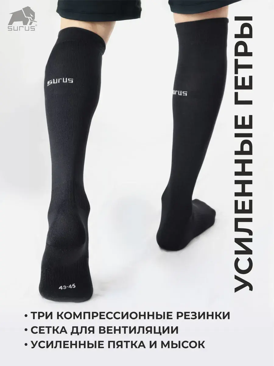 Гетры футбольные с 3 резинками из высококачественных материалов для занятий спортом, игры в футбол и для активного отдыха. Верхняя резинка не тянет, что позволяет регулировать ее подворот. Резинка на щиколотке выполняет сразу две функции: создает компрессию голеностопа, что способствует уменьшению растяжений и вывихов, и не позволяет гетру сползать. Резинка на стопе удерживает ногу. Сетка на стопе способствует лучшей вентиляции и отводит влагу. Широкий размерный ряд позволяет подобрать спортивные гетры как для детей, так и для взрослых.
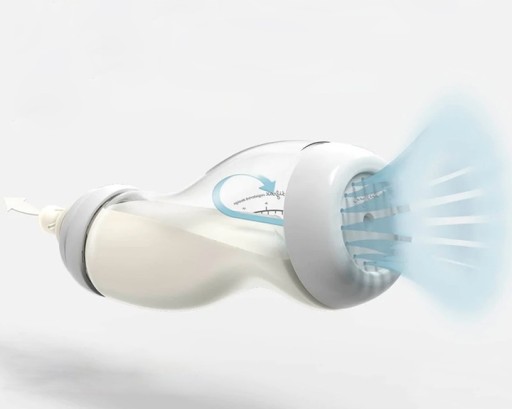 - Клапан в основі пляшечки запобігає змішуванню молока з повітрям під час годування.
· · ·
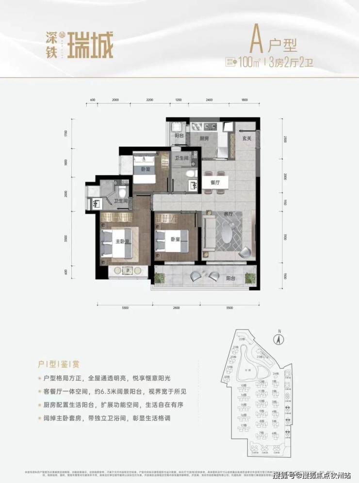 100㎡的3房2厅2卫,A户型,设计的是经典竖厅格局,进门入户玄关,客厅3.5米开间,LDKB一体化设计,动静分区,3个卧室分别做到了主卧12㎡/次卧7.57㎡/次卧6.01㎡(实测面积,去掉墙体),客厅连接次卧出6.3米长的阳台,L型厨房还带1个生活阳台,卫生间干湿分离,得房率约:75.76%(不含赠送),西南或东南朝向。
· · ·
| ABOUT THIS TASK |
Only the lines between the one with "Гетры футбольные с" and the one with "- Клапан в основі", those two included, get copied from the material above. Keep it exact and free of pictures.

| EXERCISE OUTPUT |
 Гетры футбольные с 3 резинками из высококачественных материалов для занятий спортом, игры в футбол и для активного отдыха. Верхняя резинка не тянет, что позволяет регулировать ее подворот. Резинка на щиколотке выполняет сразу две функции: создает компрессию голеностопа, что способствует уменьшению растяжений и вывихов, и не позволяет гетру сползать. Резинка на стопе удерживает ногу. Сетка на стопе способствует лучшей вентиляции и отводит влагу. Широкий размерный ряд позволяет подобрать спортивные гетры как для детей, так и для взрослых.
 - Клапан в основі пляшечки запобігає змішуванню молока з повітрям під час годування.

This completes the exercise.